Incline la cabeza, mi señor
Hök-Khi-Dà fue durante 63 años el verdugo. En una redacción del colegio manifestó, con 8 años, su deseo de convertirse en el brazo ejecutor de la ley de la república. A los dieciséis obtuvo plaza como verdugo auxiliar y a los diecisiete mató legalmente al primer hombre. El día de su retiro, figuraban en su cuenta personal 285 hombres y 43 mujeres. Fue llamado el piadoso. Conocido por la suavidad de su voz y las hermosas y reconfortantes palabras que susurraba al oído del reo minutos antes de separar su cabeza del tronco.

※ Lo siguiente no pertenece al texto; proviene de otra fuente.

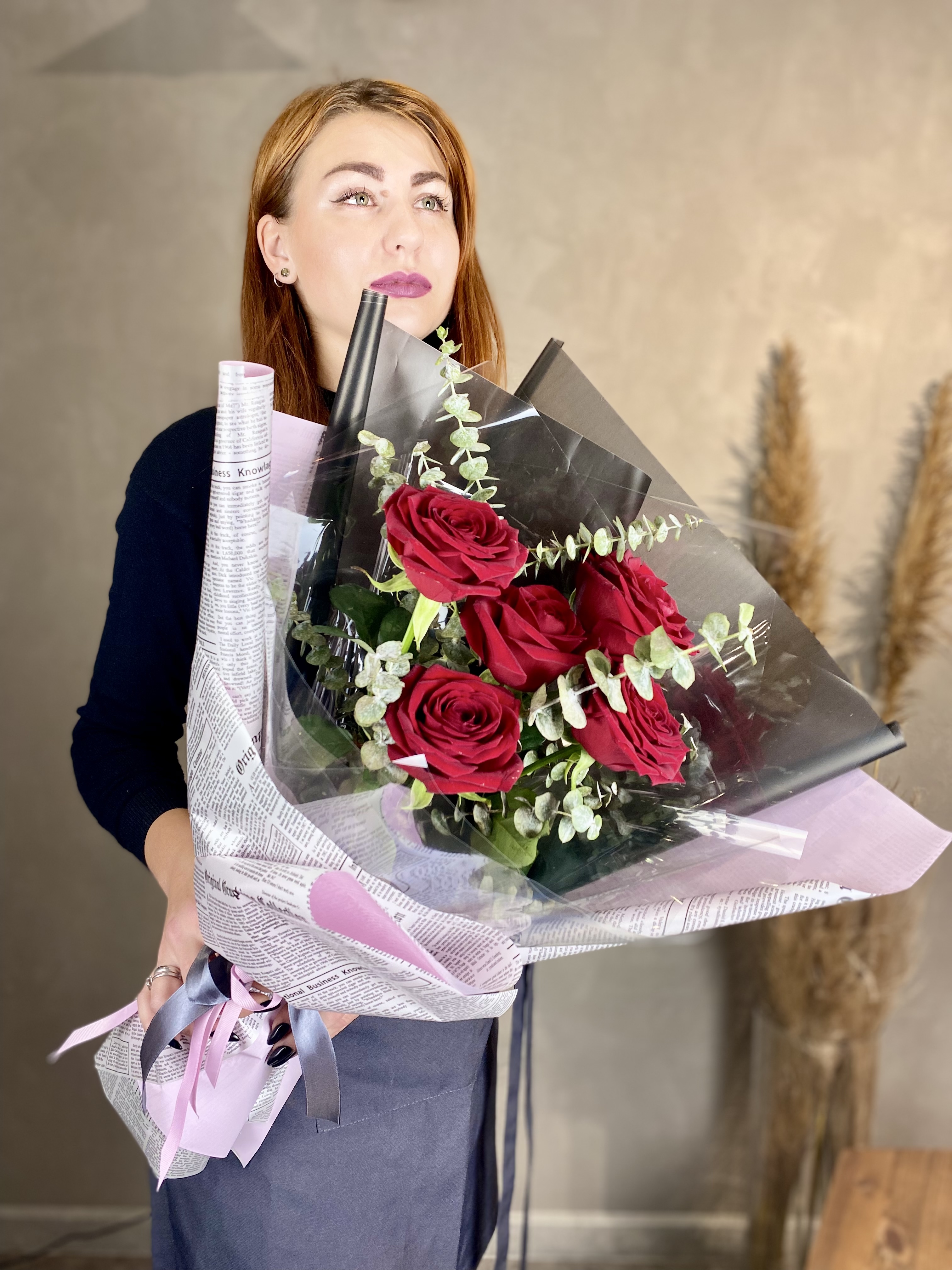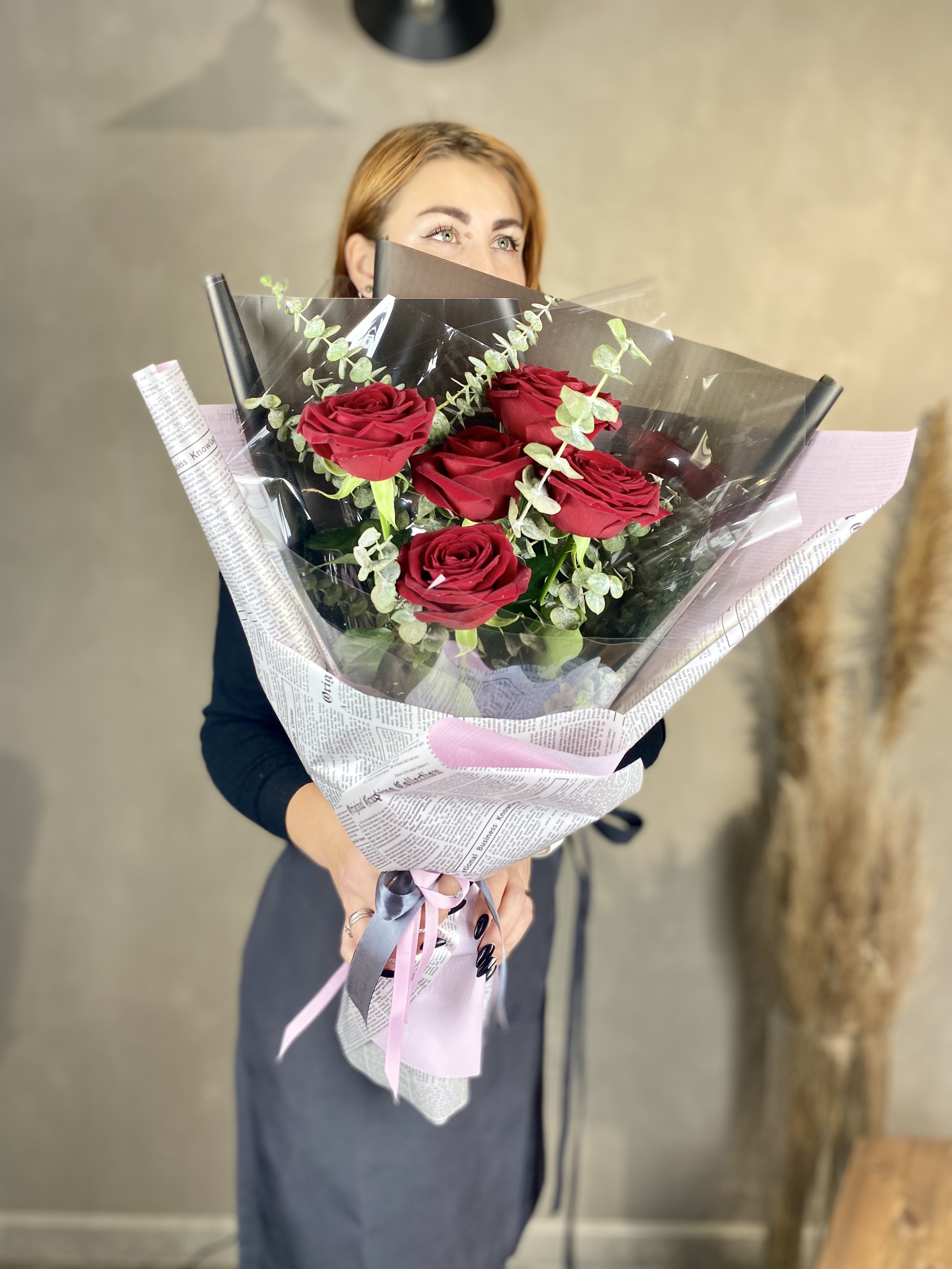 Пять алых бутонов собраны в лаконичную вертикальную форму. Серебристый эвкалипт добавляет воздуха между стеблями. Минималистичная подача для тех, кто ценит сдержанность.

Su espada estaba siempre afilada con un cuidado extremo. El verdugo vivió toda su vida obsesionado con la idea de ahorrar consciencia y dolor a la persona que el estado ponía en sus manos para pagar la mayor de las deudas. Decía siempre, con aquella dulce voz, que soñaba con que llegase el día en que el prisionero no sintiese la venida de la muerte. Quería ser bálsamo y justicia.
Conoció en los últimos años de su desempeño a un fabricante de espadas del norte, célebre por la ligereza, dureza y equilibrio de sus armas, y le hizo un encargo muy especial. El día que estrenaba su nueva herramienta de trabajo, hizo arrodillarse al reo, como siempre, en el centro del patio de armas. Susurró durante unos segundos cerca de su oído aquellas palabras que traían la última sonrisa a aquellos rostros condenados y tomó posición tras él. Con un barrido certero, extremadamente rápido, seco y seguro, hizo que aquel filo nuevo recorriese el semicírculo aéreo que se cobraba la última deuda del estado. Se hizo un silencio tenebroso en la estancia. Aparentemente, el reo seguía de una pieza. De hecho abrió la boca y pidió al verdugo que terminase con su pena. El funcionario caminó tres pasos hasta ponerse frente a él y con una leve reverencia le dijo dulcemente: “Incline la cabeza, mi señor”. Entonces, tras una mueca desencajada, aquella cabeza golpeó secamente la piedra de aquel patio y rodó despacio hasta los pies del verdugo.